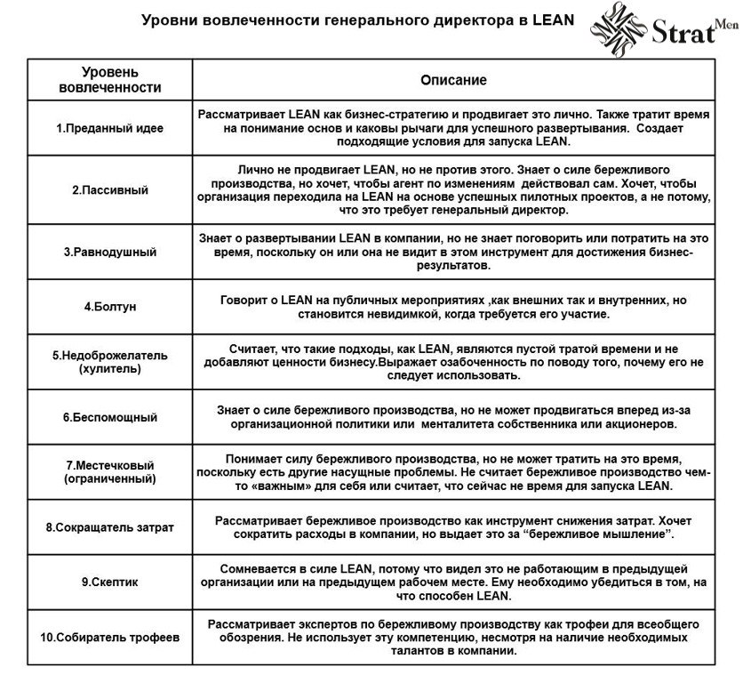 👉Поэтому, прежде чем вы решите принять участие в проведении «бережливой» трансформации, получите представление об уровнях вовлечённости вашего генерального директора и высшего руководства. Вам придется разработать необходимую стратегию, чтобы вовлечь их😎.
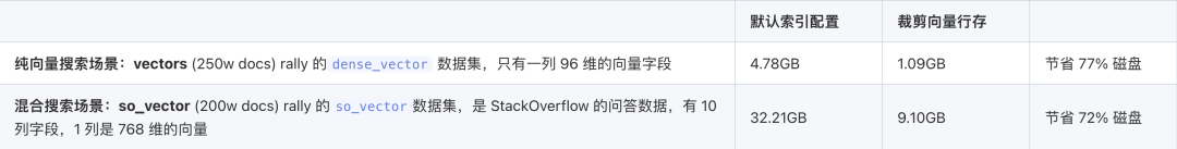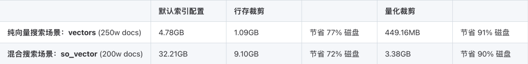 下面的表格概括了在纯向量搜索场景和混合搜索场景,该功能的最终效果,对于存储的节省均达到了 90% 以上。
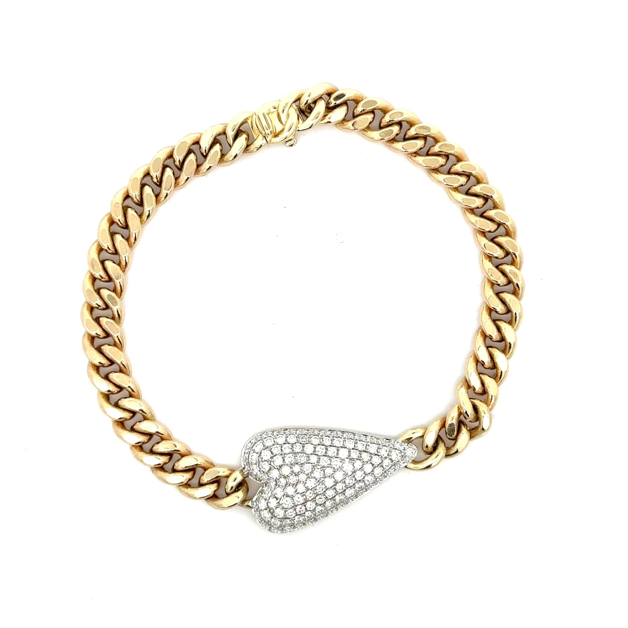 WD1242 14kt Gold Cuban Link Chain with Pave Diamond Heart Bracelet
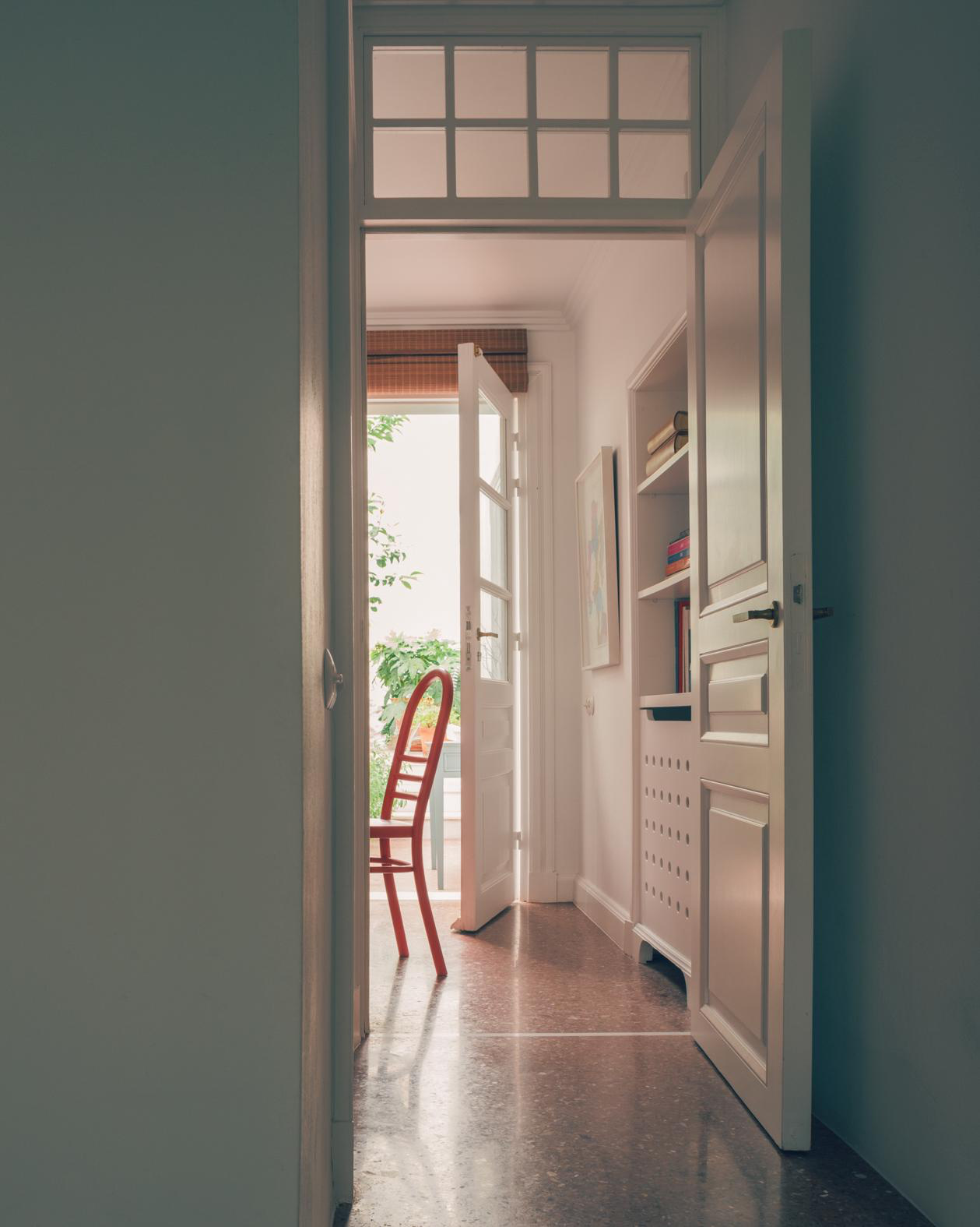 Throughout the house, original features were carefully preserved and refined rather than replaced. Wrought-iron exterior elements, wooden panelled doors, and marble jambs were retained and repainted in neutral tones, unifying the interior and exterior language while respecting the building’s historic fabric.
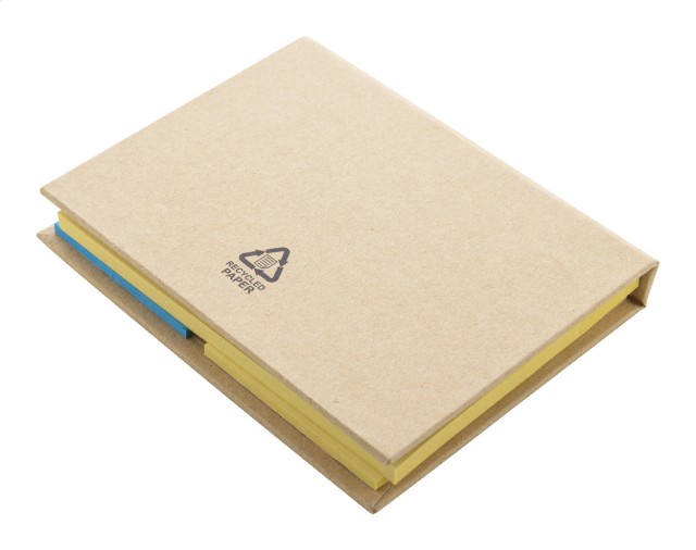 Samolepicí poznámkový blok z recyklovaného papíru s 50 velkými a 25 středními žlutými poznámkami a 125 značkovači stránek (v 5 barvách).
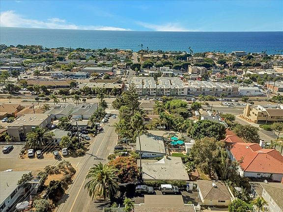 You buyers will absolutely love this Encinitas Highlands mid-century style beach house with ocean views! Literally steps to PCH 101 hot spots, train, and beach, leave your car home. Character ceilings and hard wood floors. Updated bath vanity and tub/shower tile surround. Inviting deck off living room perfect for entertaining and BBQ's. LARGE kitchen with granite counters and stainless appliances. Newer windows. Outdoor shower (rinse off after beach). One car garage with extra parking in driveway. Sewer: Sewer Connected Topography: LL
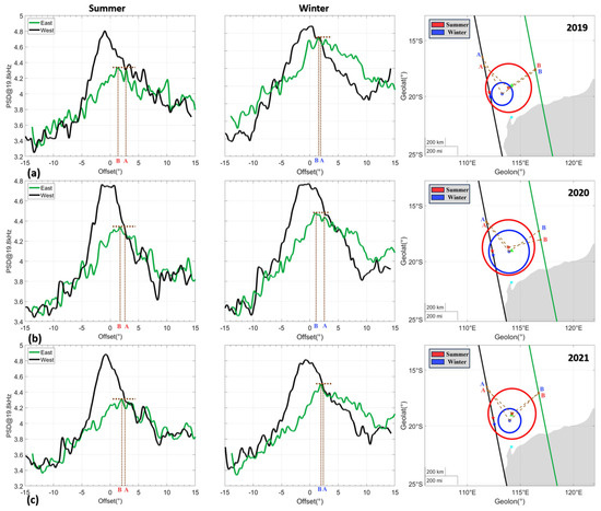 Plots of the latitudinal distribution of the power spectral density of the electric field and the seasonal evolution of the center of the electric field (plots (a–c) are for 2019 to 2021, respectively, and the latitudinal distribution is centered on the latitude of the NWC transmitter crossing point). The green triangles show the position of the crossing point, the light blue squares indicate the position of the NWC transmitter, and the pentagrams correspond to the relative peak positions of the electric field centers in the respective orbits for each season. Points A and B in the figure represent the locations of the same electric field power spectral density values in different orbits.
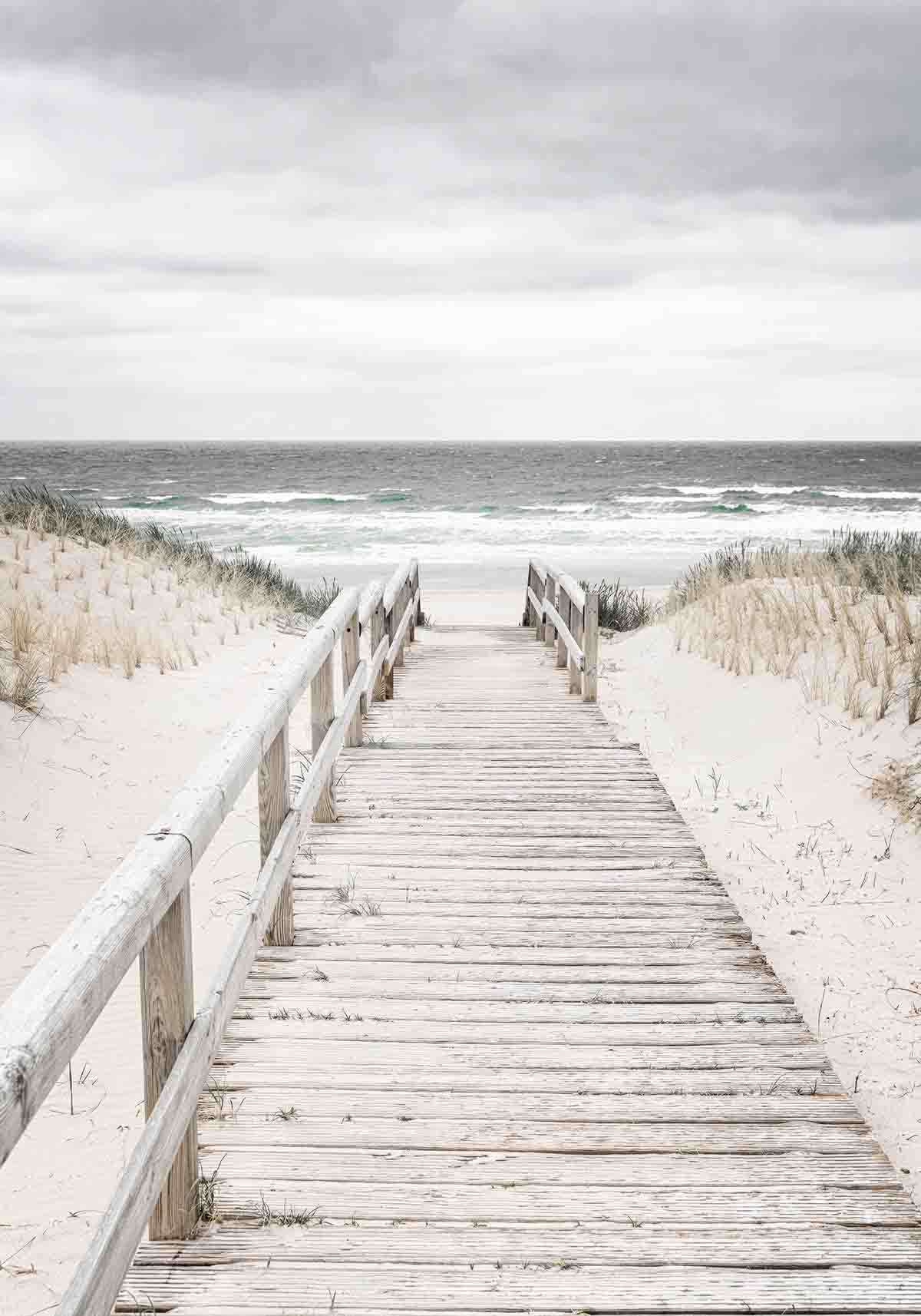 ALIPRINT Passerelle en bois menant à la plage, sable blanc et océan, fond dramatique de ciel nuageux. Paysage côtier inspirant pour fond d'écran. Algerie
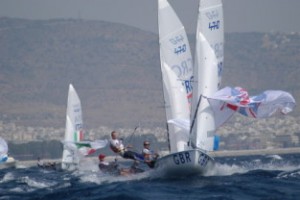 Light and fluky then strong and gusty, not a good day to discover you don't like it when it blows. Plenty to watch in Athens

________

Exclude the pictures, and transcribe all of the material exactly.

» TASK RESULT:
 👉Поэтому, прежде чем вы решите принять участие в проведении «бережливой» трансформации, получите представление об уровнях вовлечённости вашего генерального директора и высшего руководства. Вам придется разработать необходимую стратегию, чтобы вовлечь их😎.
 下面的表格概括了在纯向量搜索场景和混合搜索场景,该功能的最终效果,对于存储的节省均达到了 90% 以上。
 WD1242 14kt Gold Cuban Link Chain with Pave Diamond Heart Bracelet
 Throughout the house, original features were carefully preserved and refined rather than replaced. Wrought-iron exterior elements, wooden panelled doors, and marble jambs were retained and repainted in neutral tones, unifying the interior and exterior language while respecting the building’s historic fabric.
 Samolepicí poznámkový blok z recyklovaného papíru s 50 velkými a 25 středními žlutými poznámkami a 125 značkovači stránek (v 5 barvách).
 You buyers will absolutely love this Encinitas Highlands mid-century style beach house with ocean views! Literally steps to PCH 101 hot spots, train, and beach, leave your car home. Character ceilings and hard wood floors. Updated bath vanity and tub/shower tile surround. Inviting deck off living room perfect for entertaining and BBQ's. LARGE kitchen with granite counters and stainless appliances. Newer windows. Outdoor shower (rinse off after beach). One car garage with extra parking in driveway. Sewer: Sewer Connected Topography: LL
 Plots of the latitudinal distribution of the power spectral density of the electric field and the seasonal evolution of the center of the electric field (plots (a–c) are for 2019 to 2021, respectively, and the latitudinal distribution is centered on the latitude of the NWC transmitter crossing point). The green triangles show the position of the crossing point, the light blue squares indicate the position of the NWC transmitter, and the pentagrams correspond to the relative peak positions of the electric field centers in the respective orbits for each season. Points A and B in the figure represent the locations of the same electric field power spectral density values in different orbits.
 ALIPRINT Passerelle en bois menant à la plage, sable blanc et océan, fond dramatique de ciel nuageux. Paysage côtier inspirant pour fond d'écran. Algerie
 Light and fluky then strong and gusty, not a good day to discover you don't like it when it blows. Plenty to watch in Athens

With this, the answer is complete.